++++ MATERIAL SUPPLIED ++++

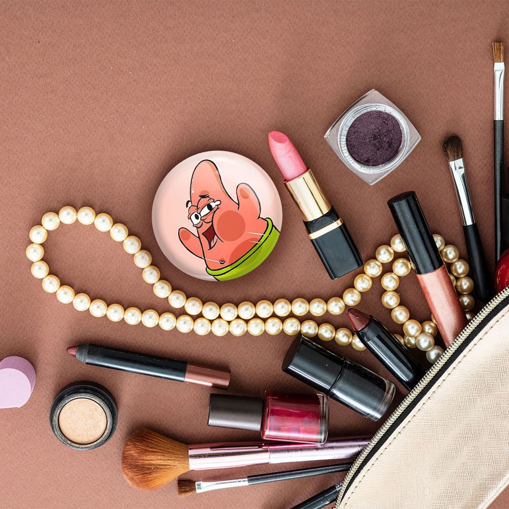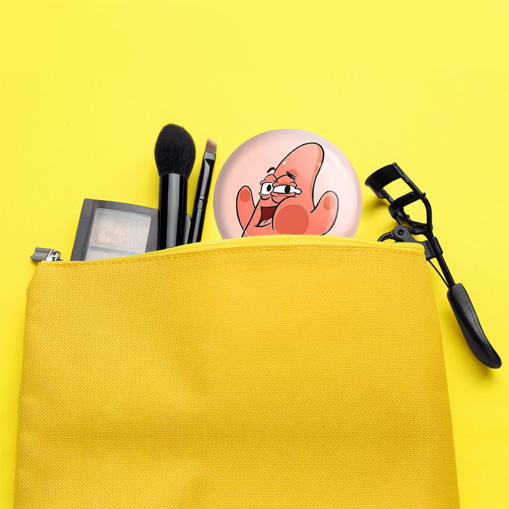 آینه های جیبی پاتریک باب اسفنجی خندالو دایره ای به قطر 7.5 سانتی متر می باشد که نه خیلی بزرگ و غیر قابل استفاده در کیف آرایشی ست و نه خیلی کوچک که تصویر خاصی در آن مشاهده نشود. سایزی استاندارد و کارآمد دارد و مناسب قرار گیری در کیف لوازم آرایش و کیف های کوچک دستی نیز هست.
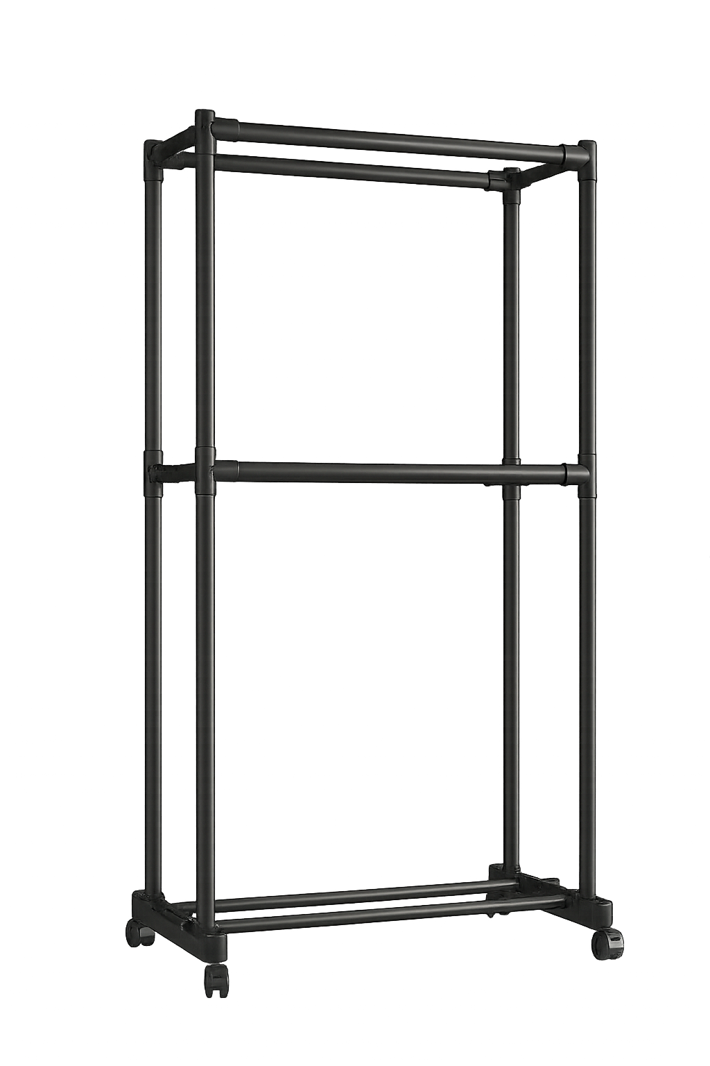 Tento kovový věšák na oblečení je ideální volbou pro ty, kteří hledají praktické a stylové řešení úložného prostoru. Díky dvojitému vrstvení nabízí dostatek místa pro kabáty, bundy i doplňky. Kolečka umožňují snadný přesun, zatímco odolný černý povrch působí elegantně a minimalisticky. Úsporný design šetří prostor a snadná montáž i demontáž z něj činí flexibilního pomocníka do každé domácnosti.
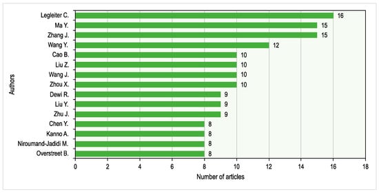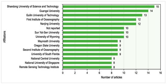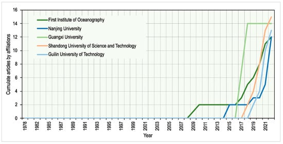 By analyzing affiliations, the most relevant affiliations by the number of articles are as follows: Shandong University of Science and Technology published 15 articles, Guilin University of Technology published 13 and First Institute of Oceanography and Nanjing University published 12 articles each (all from China; Figure 8). Considering the number of affiliations that have published articles dealing with optical SDB over time, it can be concluded that significant growth began in 2014 (Figure 9).
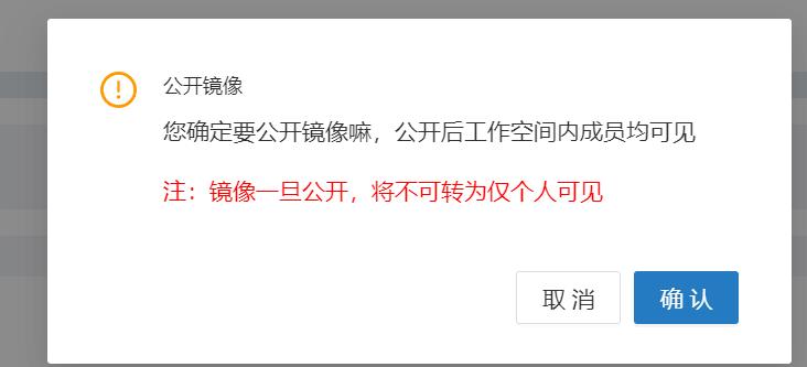 根据提示再次点击“确定”按钮即可公开镜像。
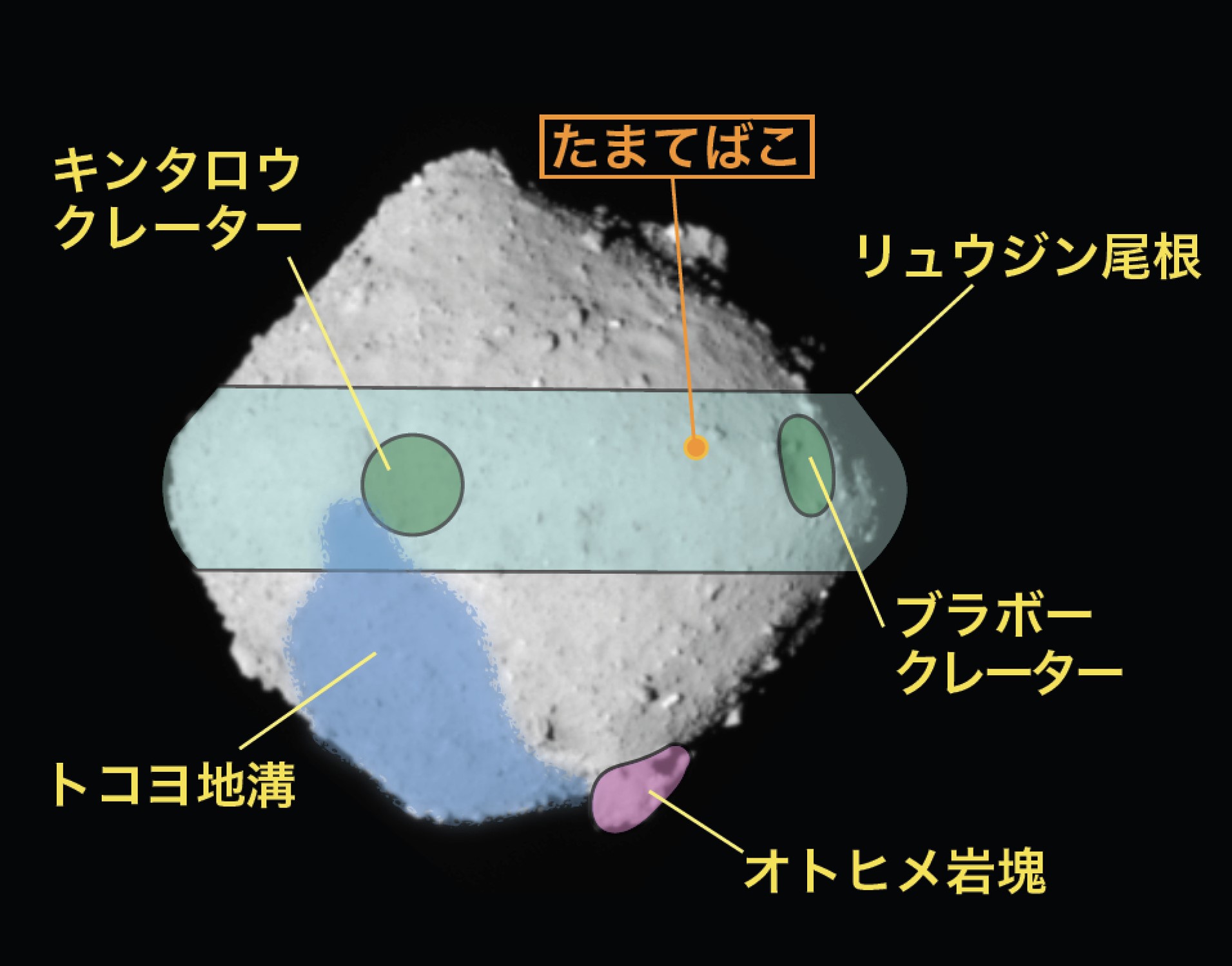 「はやぶさ2」タッチダウン地点のニックネーム(愛称) ミッション:はやぶさ2 タイプ:写真 掲載日:2019/03/05 天体名:小惑星リュウグウ クレジット:JAXA ダウンロード: 1911×1498px [204 KB] シェア ツイート 「はやぶさ2」がタッチダウンした地点のニックネーム(愛称)をたまてばこ(Tamatebako)とした。(注:国際天文学連合に登録する正式名称ではない。) リュウグウ地名地図(改訂版) 注:トリニトス(MINERVA-II1の着陸地)、アリスの不思議の国(MASCOT着陸地)、たまてばこ(1回目のタッチダウン地点)はニックネーム(愛称)で、国際天文学連合(IAU)に認められた地名ではない。 他の地名はIAUで認められた正式名称である。 関連リリース 小惑星探査機「はやぶさ2」記者説明会資料(2019/3/5)
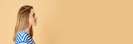 Profile view portrait of young girl in striped shirt posing, looking straigh against yellow studio background
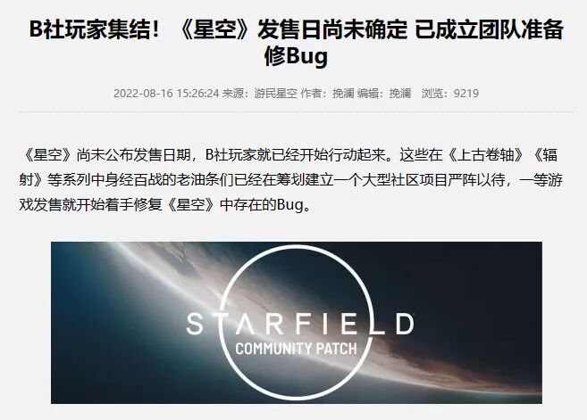 另一方面,B社自己的前科也不那么让人放心,它是一家以让玩家修Bug为名的公司。《辐射3》时代的4GB补丁就是玩家为了修复游戏不识别4GB以上内存的问题、减少游戏跳出而自己做的。粉丝们也非常了解B社这项留Bug给玩家修这项光荣传统,早在一年前《星空》发售日还没有公布的时候,这群老粉们已经组成了一个名为Starfield Community Patch的组织严阵以待,准备给B社擦屁股,也算是游戏圈的一道奇景。
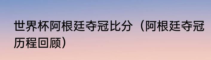 世界杯阿根廷夺冠比分(阿根廷夺冠历程回顾)
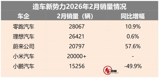 日前,小米、零跑等頭部造車新勢力先后公布了2月份的銷量情況。給大家劃一下重點:零跑單月超2.8萬輛,奪得銷冠;理想雖同比微增,但沖進前二。蔚來增速最猛,小米因SU7停產受拖累。而小鵬銷量同比跌幅近一半,持續承壓。下面,一起來看看具體的情況吧。

++++

● **WHAT THE TASK ASKS**
Produce a verbatim transcription of every line in the listing, images omitted.

● **WRITTEN REPLY**
 آینه های جیبی پاتریک باب اسفنجی خندالو دایره ای به قطر 7.5 سانتی متر می باشد که نه خیلی بزرگ و غیر قابل استفاده در کیف آرایشی ست و نه خیلی کوچک که تصویر خاصی در آن مشاهده نشود. سایزی استاندارد و کارآمد دارد و مناسب قرار گیری در کیف لوازم آرایش و کیف های کوچک دستی نیز هست.
 Tento kovový věšák na oblečení je ideální volbou pro ty, kteří hledají praktické a stylové řešení úložného prostoru. Díky dvojitému vrstvení nabízí dostatek místa pro kabáty, bundy i doplňky. Kolečka umožňují snadný přesun, zatímco odolný černý povrch působí elegantně a minimalisticky. Úsporný design šetří prostor a snadná montáž i demontáž z něj činí flexibilního pomocníka do každé domácnosti.
 By analyzing affiliations, the most relevant affiliations by the number of articles are as follows: Shandong University of Science and Technology published 15 articles, Guilin University of Technology published 13 and First Institute of Oceanography and Nanjing University published 12 articles each (all from China; Figure 8). Considering the number of affiliations that have published articles dealing with optical SDB over time, it can be concluded that significant growth began in 2014 (Figure 9).
 根据提示再次点击“确定”按钮即可公开镜像。
 「はやぶさ2」タッチダウン地点のニックネーム(愛称) ミッション:はやぶさ2 タイプ:写真 掲載日:2019/03/05 天体名:小惑星リュウグウ クレジット:JAXA ダウンロード: 1911×1498px [204 KB] シェア ツイート 「はやぶさ2」がタッチダウンした地点のニックネーム(愛称)をたまてばこ(Tamatebako)とした。(注:国際天文学連合に登録する正式名称ではない。) リュウグウ地名地図(改訂版) 注:トリニトス(MINERVA-II1の着陸地)、アリスの不思議の国(MASCOT着陸地)、たまてばこ(1回目のタッチダウン地点)はニックネーム(愛称)で、国際天文学連合(IAU)に認められた地名ではない。 他の地名はIAUで認められた正式名称である。 関連リリース 小惑星探査機「はやぶさ2」記者説明会資料(2019/3/5)
 Profile view portrait of young girl in striped shirt posing, looking straigh against yellow studio background
 另一方面,B社自己的前科也不那么让人放心,它是一家以让玩家修Bug为名的公司。《辐射3》时代的4GB补丁就是玩家为了修复游戏不识别4GB以上内存的问题、减少游戏跳出而自己做的。粉丝们也非常了解B社这项留Bug给玩家修这项光荣传统,早在一年前《星空》发售日还没有公布的时候,这群老粉们已经组成了一个名为Starfield Community Patch的组织严阵以待,准备给B社擦屁股,也算是游戏圈的一道奇景。
 世界杯阿根廷夺冠比分(阿根廷夺冠历程回顾)
 日前,小米、零跑等頭部造車新勢力先后公布了2月份的銷量情況。給大家劃一下重點:零跑單月超2.8萬輛,奪得銷冠;理想雖同比微增,但沖進前二。蔚來增速最猛,小米因SU7停產受拖累。而小鵬銷量同比跌幅近一半,持續承壓。下面,一起來看看具體的情況吧。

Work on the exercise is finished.